NanoDay 2021 – Poster 07 – Kara Gentry


Size Controllable Fabrication of MAMs as Sacrificial Templates for Magnetic Templating

Kara Gentry

Authors: Kara Gentry, Victor Rivera-Llabres, Carlos Rinaldi-Ramos

Faculty Mentor: Carlos Rinaldi-Ramos, PhD

College: College of Engineering

Department: Chemical Engineering


Our group is pioneering a tissue engineering scaffold that utilizes magnetic alginate microparticles (MAMs) as sacrificial templates for the introduction of anisotropic porosity in hydrogels. We hypothesize that the diameter of the resulting channels and the mechanical characteristics of the hydrogel are influential on the rate of nerve regeneration into the scaffold and can be controlled through the diameter of the MAMs used in the magnetic templating process.

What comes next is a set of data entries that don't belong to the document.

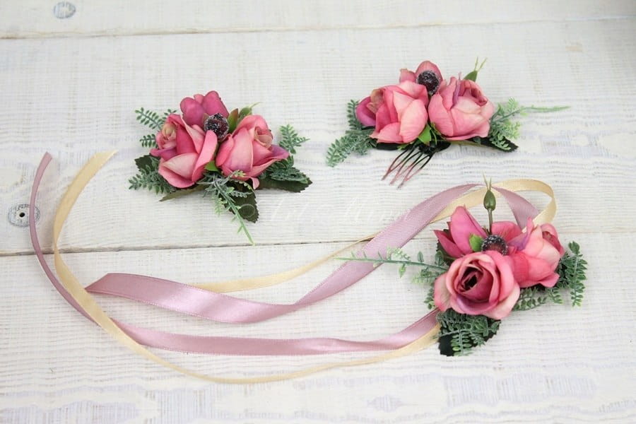 Wianek ślubny zwiewny róża BRUDNY RÓŻ sesja ozdoba
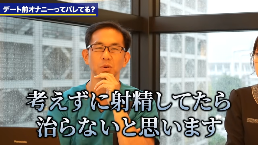 橘:これはですね、ちょっとした悩みというか、早漏に悩んでいると毎回性行為の時にはすぐにイッてしまうと相手を満足させられないというお悩みの方の中にいらっしゃることなんですが、実際に会う前に1回抜いておくと。デート前オナニーをすることで早漏を予防しておこうというような試みになるんですけれども、これがですね、実際に1回出すことが早漏予防として適切なのかなども含めてですね、今日はお話をしていければなと思うんですが。伊藤さんデート前に1回出してから来るみたいなのは率直にどう思いますかという質問なんですけど。
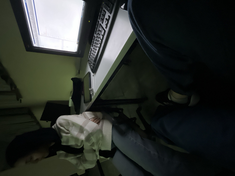The image depicts an indoor scene in Burjassot, Spain, set within a dimly lit room, likely a computer lab or office, illuminated by a greenish hue. On the left, a female subject is seated in a black office chair, facing away from the camera with her head turned left. She is attired in a dark headscarf, a cream-colored, horizontally striped sweater, and blue jeans, with her arms crossed. Her legs extend under a white desk. The desk surface contains several objects: a dark screen partially visible on the far left, a single black shoe, a dark tablet or smartphone accompanied by a white stylus, a black computer keyboard, and a prominent black CRT or thick LCD monitor displaying a white screen with legible lines of text or code within a program interface. In the lower right foreground, the legs and feet of a second individual are visible, clad in dark blue trousers and black sneakers with white soles and socks. No direct interaction between the two individuals is captured. The environment suggests a work or study setting.
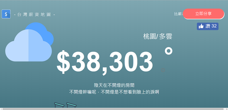 阿湯居住的桃園是陰天,月薪平均 38,303 元,阿湯回憶了一下身邊朋友分享的經驗,是覺得算準,至少比政府調查準多了。
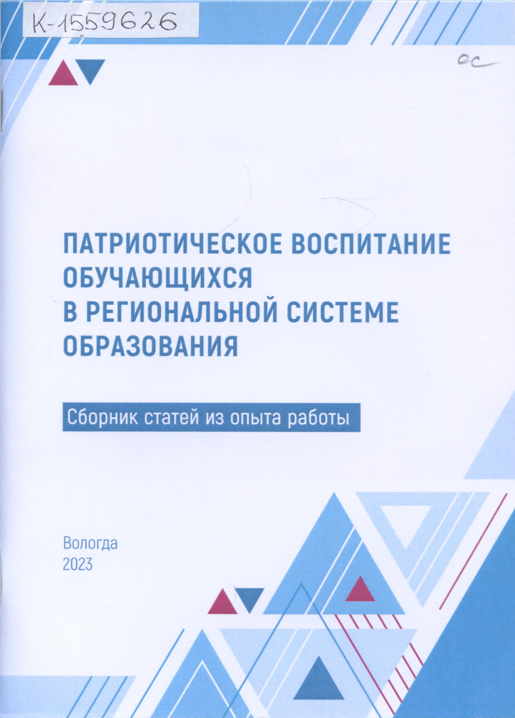 Патриотическое воспитание обучающихся в региональной системе образования : сборник статей из опыта работы / Департамент образования Вологодской области, Вологодский институт развития образования ; редколлегия: М. А. Углицкая (ответственный редактор), Е. Ю. Ногтева, С. В. Потерюхина и др. – Вологда : ВИРО, 2023. – 83, [1] с.: табл. ; 20 см. – 100 экз. – ISBN 978-5-87590-549-0.
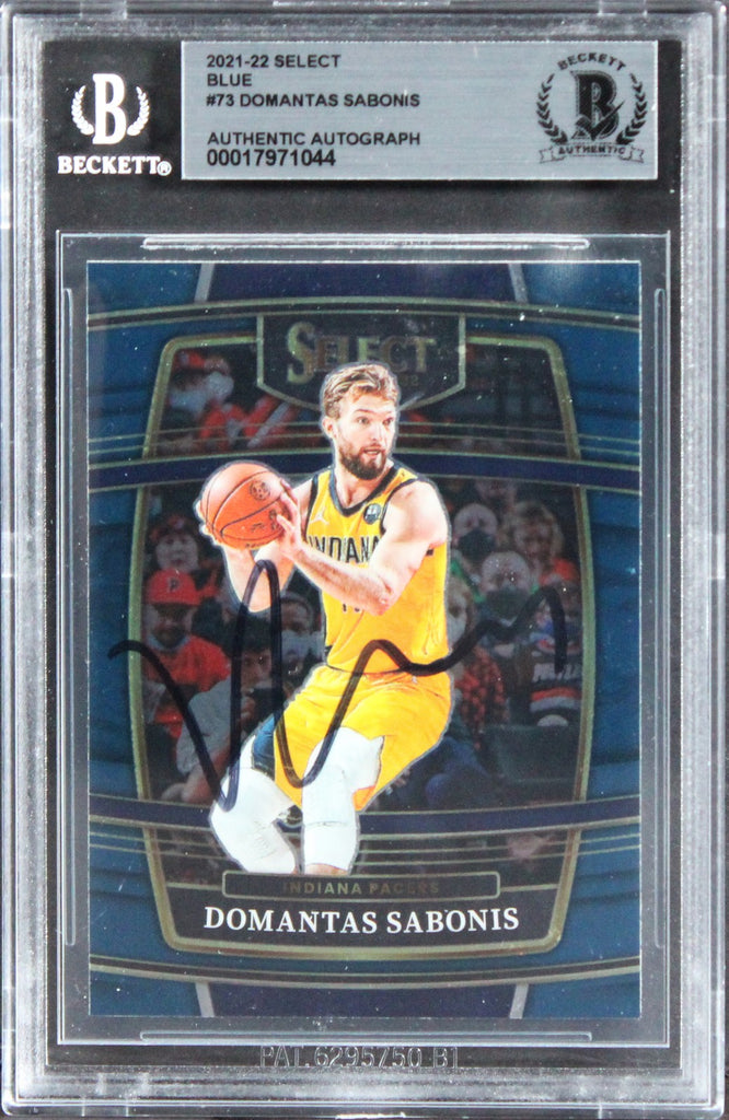 This Autographed 2021 Select Blue #73 Card has been Personally Signed by Domantas Sabonis of the Indiana Pacers. This item is 100% Authentic, it comes slabbed and authenticated by Beckett Authentication Services. The authenticity can be verified on Beckett Authentication Services website.
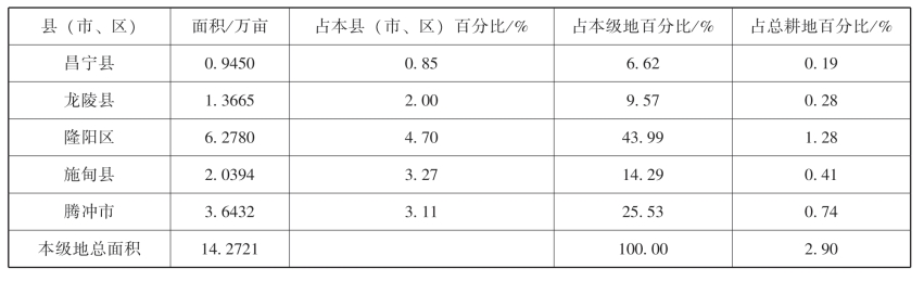 十级耕地:隆阳区面积有6.2780万亩,占本级地的43.99%,占本区的4.70%。

MAMs were fabricated using microfluidic chips (Dolomite) and controlled pressure pumps (Mitos P-Pump) in conjunction with a light microscope and a high-speed camera, to enable study of the role of process parameters on MAM diameter, determined using optical microscopy and image analysis in MATLAB. MAM fabrication conditions studied include reagent flow rates, microfluidic channel diameters, surfactant concentration, and crosslinking agent concentration. We show that crosslinking agent and surfactant concentration do not have a statistically significant effect on MAM diameter, whereas tuning reagent flow rates resulted in MAMs in the range of 20 to 60 m. Different tissues are compatible with hydrogels of varying porosities and mechanical identities. Future studies will investigate the properties of hydrogels templated with a range of MAM sizes and evaluate cell growth into hydrogels with different mechanical properties.